Screen time is a killer, so I decided to make board games my new hobby. In the months before COVID, I found a second group in the Chicago suburbs that I really enjoyed, so I’m still a part of that group and it’s a group that is willing to play anything. Bonus points: the group is small (when I first joined, only five people), so almost by default, we were able to get any games we wanted to the table over the course of each month by meeting once a week.

In July of 2020, I found a third group, people who were willing to mask up and meet at public places. That group has morphed into a group of about 12 people who I still game with today. That group prefers medium-to-heavy Euros; while I enjoy heavier games from time to time, I like a mix of experiences and my other groups help balance this out.

I met that group through Facebook, a tool that I had basically given up on prior to COVID. Like Meetup, it has offered me a few different avenues to meet other players. This included finding my fourth group, a “review crew” that meets every Monday and offers something I have not really had before: a chance to always play only the games I want to table, albeit the games I am not necessarily choosing since these are the games I write about for Meeple Mountain.

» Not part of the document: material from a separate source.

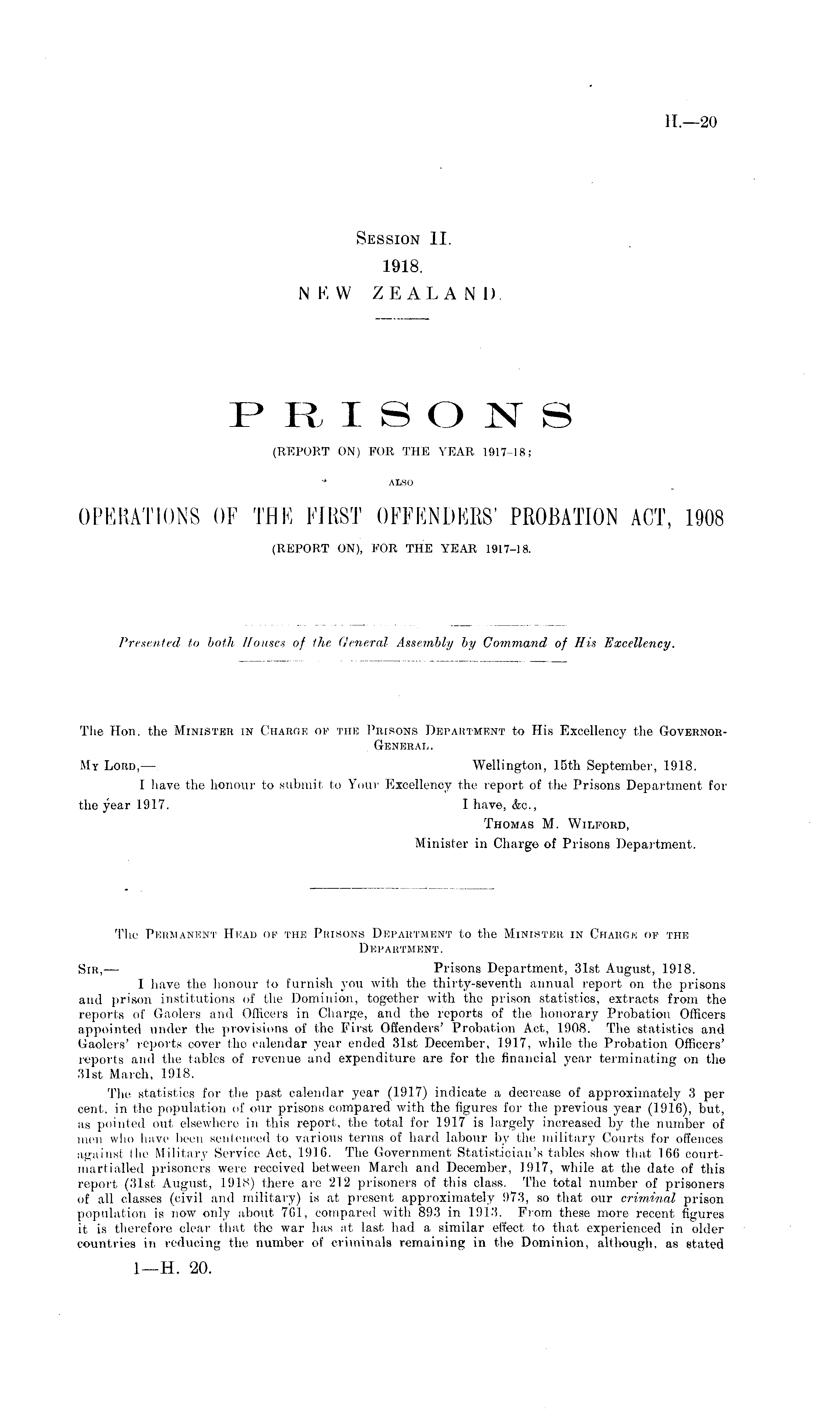 The Permanent Head of the Prisons Department to the Minister in Charge of the Department. Sir, — Prisons Department, 31st August, 1918. I have the honour to furnish, you with the thirty-seventh annual report on the prisons and prison institutions of the Dominion, together with the prison statistics, extracts from the reports of Gaolers and Officers in Charge, and the reports of the honorary Probation Officers appointed under the provisions of the First Offenders' Probation Act, 1908. The statistics and Gaolers' reports cover tho calendar year ended 31st December, 1917, while the Probation Officers' reports and the tables of revenue and expenditure are for the financial year terminating on the 31st March, 1918. The statistics for the past calendar year (1917) indicate a decrease of approximately 3 per cent, in the population of our prisons compared with the figures for the previous year (1916), but, as pointed out elsewhere in this re-port, the total for 1917 is largely increased by the number of men who have been sentenced to various terms of hard labour by the military Courts for offences against the Military Service Act, 1916. The Government Statistician's tables show that 166 courtmartialled prisoners were received between March and December, 1917, while at the date of this report (31st August, 1918) there are 212 prisoners of this class. The total number of prisoners of all classes (civil and military) is at present approximately 973, so that our criminal prison population is now only about 761, compared with 893 in 1913. From these more recent, figures it is therefore clear that the war has at last had a similar effect to that experienced in older countries in reducing the number of criminals remaining in the Dominion, although, as stated

And to make sure I rounded all the bases, I also play once a month with a fifth group that gets together during the daytime on weekends. They play more often than that, but I try to join one Saturday a month if I can navigate the other kid activities we manage at home. It’s a group that has been playing for years but I got an invite from another friend in the city, and I love the company. The hosts have a massive collection, so it’s a chance for me to learn lots of older games in a safe space.

My pre-COVID group? About a year after COVID kicked off, we started getting back together. Now that many of us are older and wiser, parents (a few of us), and/or traveling less for work, a slice of that larger pool of players still gets together once a week.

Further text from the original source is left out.